TO DO:
Your copy should hold only the lines from the one with "Consola portabila gaming" to the one with "سپس یک صورت", both included, each exactly as it stands below, with no pictures.

[SOURCE MATERIAL]

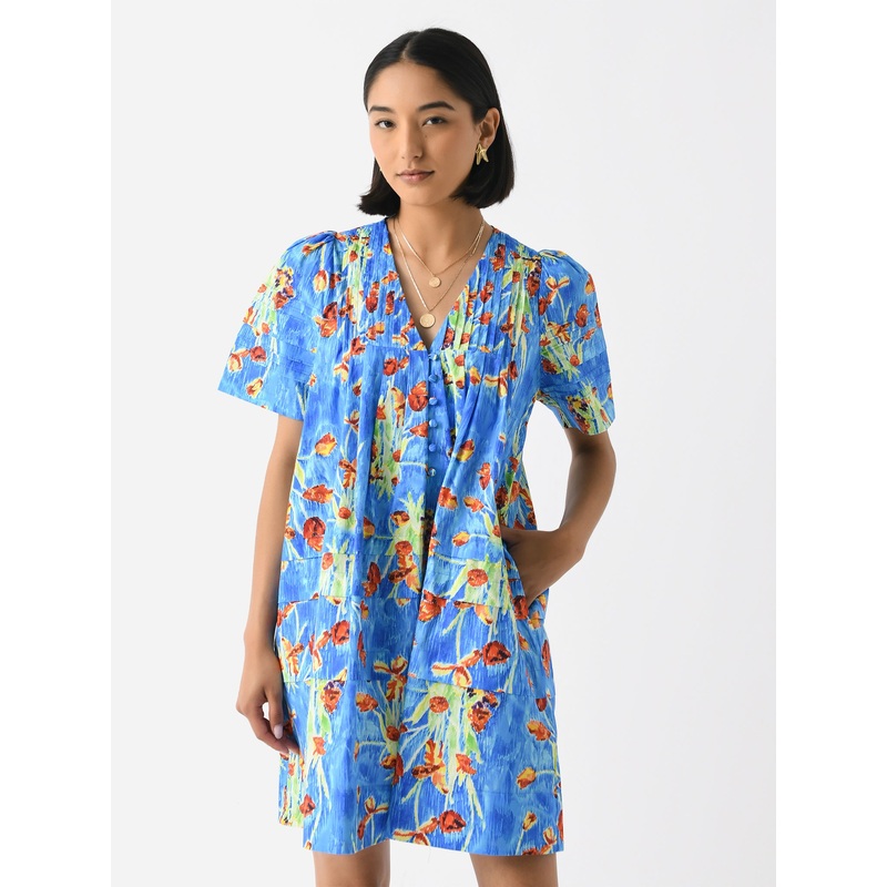 DESCRIPTION:A mini trapeze dress made from tulip-printed cotton poplin with a pleated yoke and pintucked details throughout.FEATURES:V-NecklinePleated YokePartial Button PlacketSide PocketsPintucked DetailsMini LengthTrapeze Silhouette100% Cotton PoplinRel
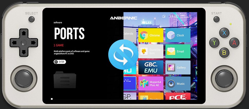 Consola portabila gaming ANBERNIC RG552 functioneaza cu doua sisteme de operare Linux si Android. Puteti sa va jucati diverse jocuri pe platforma Android cat si pe Linux.
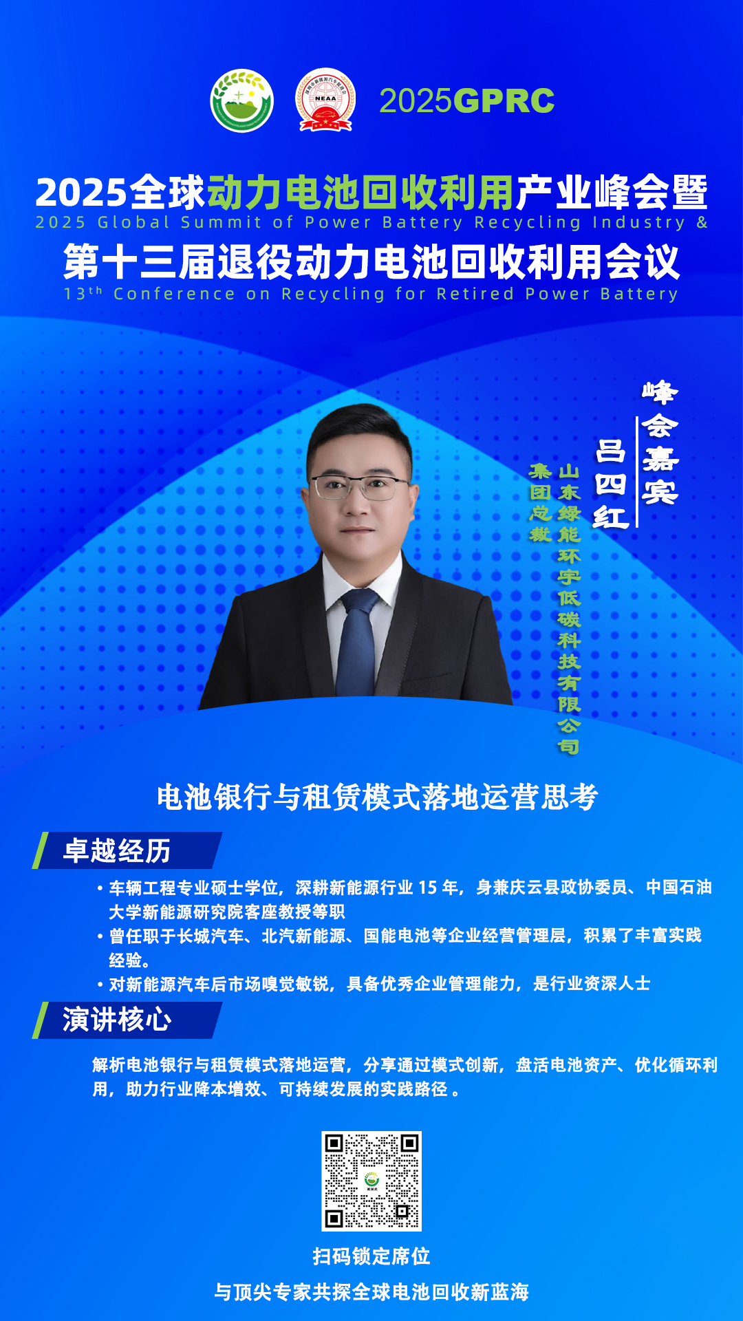 8 月 30 日,2025 全球動力電池回收利用產(chǎn)業(yè)峰會暨第十三屆退役動力電池回收利用會議上,山東綠能環(huán)宇低碳科技有限公司集團總裁呂總將發(fā)表 “電池銀行與租賃模式落地運營思考” 的主題演講。
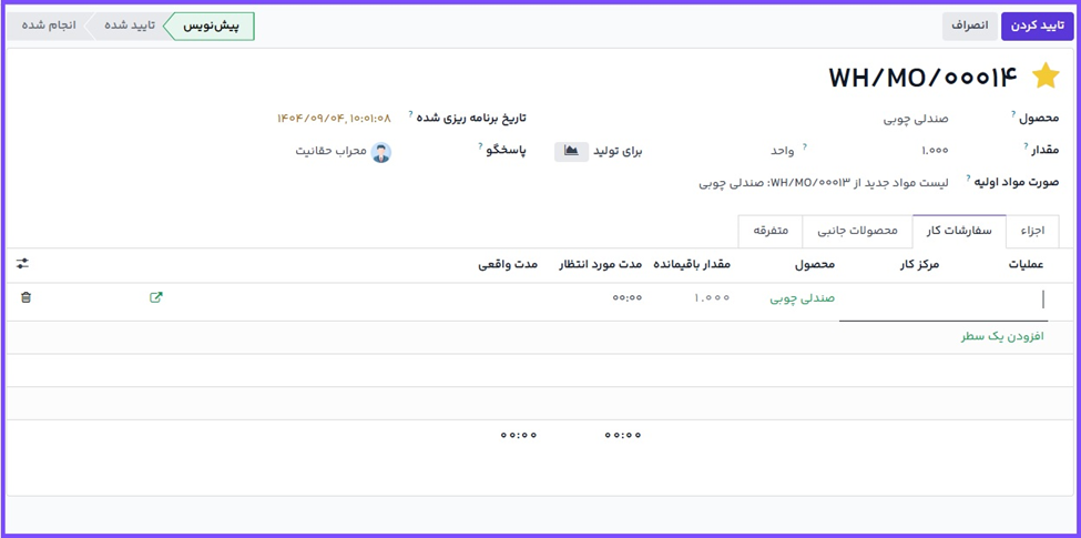 سپس یک صورت مواد اولیه جدید ایجاد کرده، وارد تب سفارشات کار شوید، و با کلیک بر افزودن سطر عملیات جدید تعریف کنید. در فرم ایجاد سفارشات کار، نام سفارشات کار، مرکز کار و مدت زمان آن را مشخص کنید. همچنین میتوانید گونه محصول خاصی را در فیلد اعمال بر گونهها تعیین کنید تا عملیات فقط برای همان گونه اعمال شود. در پایان ذخیره و بستن را بزنید.
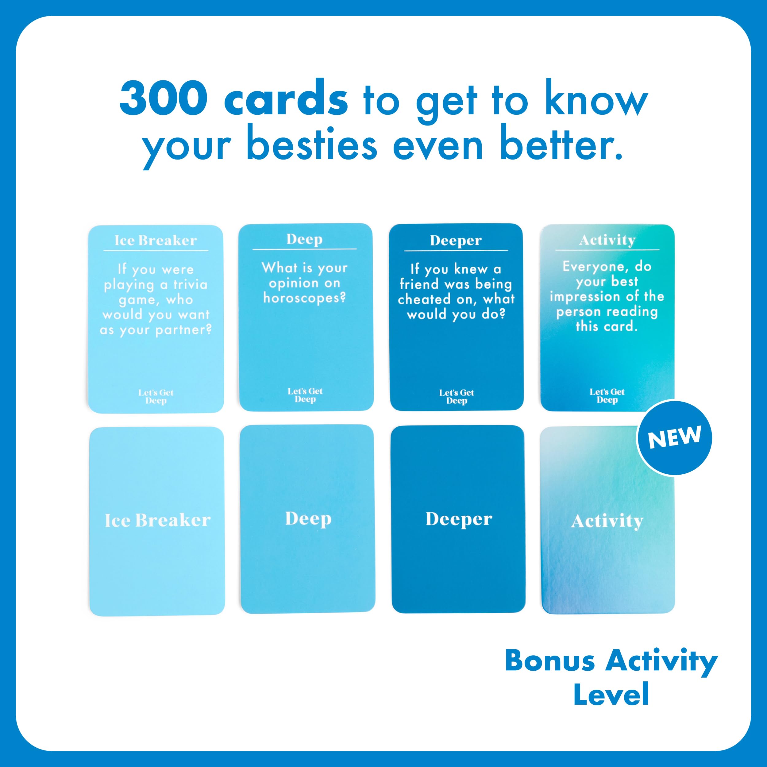 What's Inside: Get to know your besties even better. Let's Get Deep: Friends Edition includes 400 cards (50 Ice Breaker, 150 Deep, and 200 Deeper questions) plus instructions for your game night games.
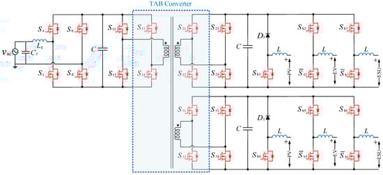 An isolated four-port topology integrating PV, a grid, energy storage, and EV is presented in [88]. As shown in Figure 14, the sub-converters include a triple active bridge (TAB) converter, a bidirectional DC–DC converter interfacing with the EV battery to provide bidirectional power flow capability, a DC–DC unidirectional boost converter for the PV port, and a bidirectional converter to interface with the utility grid. The proposed topology offers electrical isolation and modularity. It could be more advantageous by supporting a wide range of DC sources utilising a multi-winding transformer. However, although soft-switching is guaranteed for the TAB converter, the three sub-converters suffer from hard switching, particularly in high-power applications.
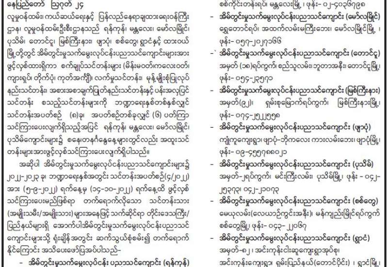 ကျန်းမာရေးဝန်ကြီးဌာနအနေဖြင့် နိုင်ငံအတွင်း ကူးစက်ဖြစ်ပွားနေသော COVID-19 ရောဂါ ကာကွယ်၊ ကုသ၊ ထိန်းချုပ်ရေးလုပ်ငန်းများကို အရှိန်အဟုန်မပြတ် ဆောင်ရွက်လျက်ရှိရာ ရောဂါ ထိန်းချုပ်ရေးလုပ်ငန်းများ အောင်မြင်နိုင်ရေးအတွက် ပြည်သူလူထုအနေဖြင့် ကျန်းမာရေးဝန်ကြီးဌာနမှ ထုတ်ပြန်ထားသော COVID-19 ရောဂါကာကွယ်ထိန်းချုပ်ရေးဆိုင်ရာ စည်းကမ်းများကို စနစ်တကျ လိုက်နာဆောင်ရွက်ရန်လိုအပ်ပြီး COVID-19 ကာကွယ်ဆေးထိုးနှံမှုခံယူခြင်းအား အထူးဂရုပြု ပူးပေါင်းဆောင်ရွက်ကြရန် လိုအပ်ပါသည်။
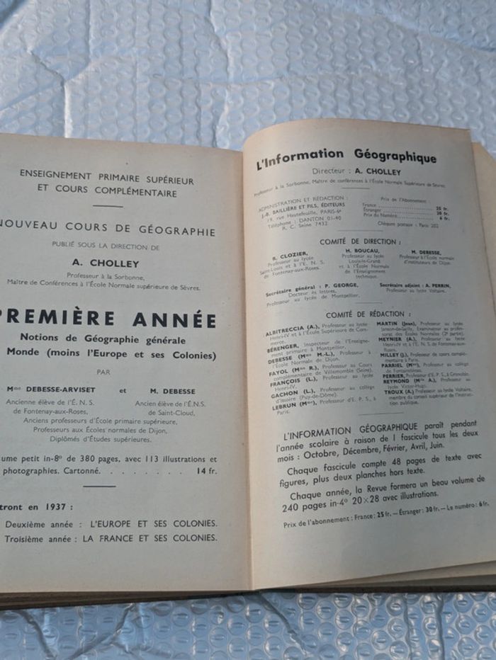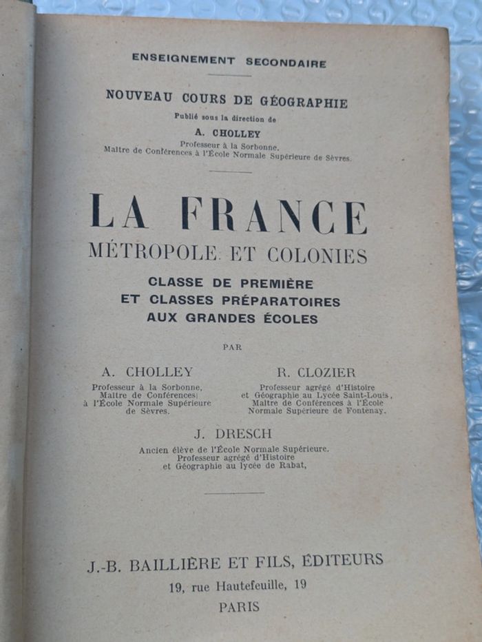 Géographie classes de premières et grandes ecoles 1936 edition bailliere et fils en etat correct

[/SOURCE MATERIAL]

EXERCISE ANSWER:
 Consola portabila gaming ANBERNIC RG552 functioneaza cu doua sisteme de operare Linux si Android. Puteti sa va jucati diverse jocuri pe platforma Android cat si pe Linux.
 8 月 30 日,2025 全球動力電池回收利用產(chǎn)業(yè)峰會暨第十三屆退役動力電池回收利用會議上,山東綠能環(huán)宇低碳科技有限公司集團總裁呂總將發(fā)表 “電池銀行與租賃模式落地運營思考” 的主題演講。
 سپس یک صورت مواد اولیه جدید ایجاد کرده، وارد تب سفارشات کار شوید، و با کلیک بر افزودن سطر عملیات جدید تعریف کنید. در فرم ایجاد سفارشات کار، نام سفارشات کار، مرکز کار و مدت زمان آن را مشخص کنید. همچنین میتوانید گونه محصول خاصی را در فیلد اعمال بر گونهها تعیین کنید تا عملیات فقط برای همان گونه اعمال شود. در پایان ذخیره و بستن را بزنید.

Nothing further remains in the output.